#### [YOUR GOAL]
Here the job is to transcribe the data exactly while omitting the images.

#### [MATERIAL PROVIDED]
Segment Open

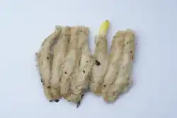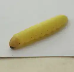 Larvae are typically yellow in color and have a length of 22–30 mm. They begin by spinning a silk around themselves for protection and then proceed to feed on the surrounding environment including the pollen and honey within the nest, stored food, and meconia. The larvae tend to tunnel throughout the nest looking for food all the while destroying large amounts of the nest around them.[1][3]
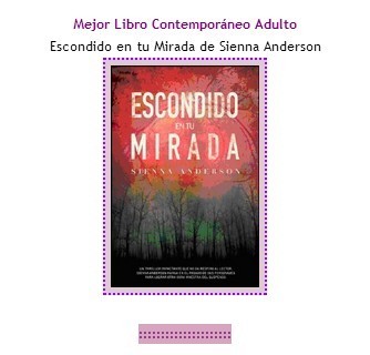 Mi novela, Escondido en tu mirada, publicada hace ya más de un año bajo el seudónimo de Sienna Anderson ha sido elegido Mejor Libro Contemporáneo Adulto por el blog The Itzel Library .
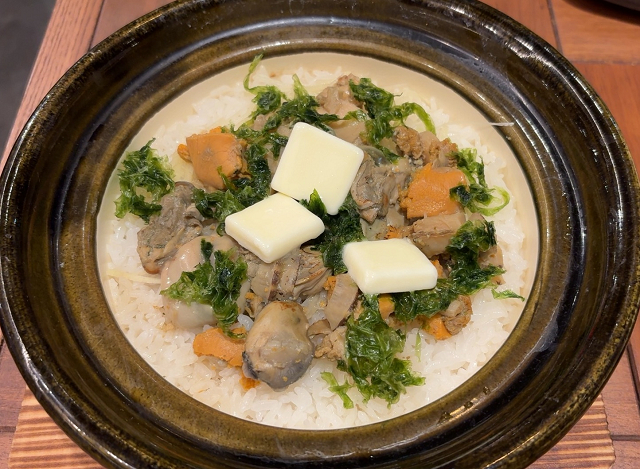 塚田の土鍋ご飯 -牡蠣とホタテの海苔しおバター- 2480円
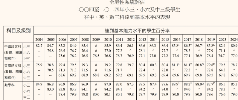 育局发言人今日(11月4日)表示,已收到考评局提交的2024年全港性系统评估报告。相比去年,今年参与评估的小三和中三学生在中、英、数三个主要科目的表现大致平稳。

Segment Closed

#### [SOLUTION FOR THIS PROBLEM]
 Larvae are typically yellow in color and have a length of 22–30 mm. They begin by spinning a silk around themselves for protection and then proceed to feed on the surrounding environment including the pollen and honey within the nest, stored food, and meconia. The larvae tend to tunnel throughout the nest looking for food all the while destroying large amounts of the nest around them.[1][3]
 Mi novela, Escondido en tu mirada, publicada hace ya más de un año bajo el seudónimo de Sienna Anderson ha sido elegido Mejor Libro Contemporáneo Adulto por el blog The Itzel Library .
 塚田の土鍋ご飯 -牡蠣とホタテの海苔しおバター- 2480円
 育局发言人今日(11月4日)表示,已收到考评局提交的2024年全港性系统评估报告。相比去年,今年参与评估的小三和中三学生在中、英、数三个主要科目的表现大致平稳。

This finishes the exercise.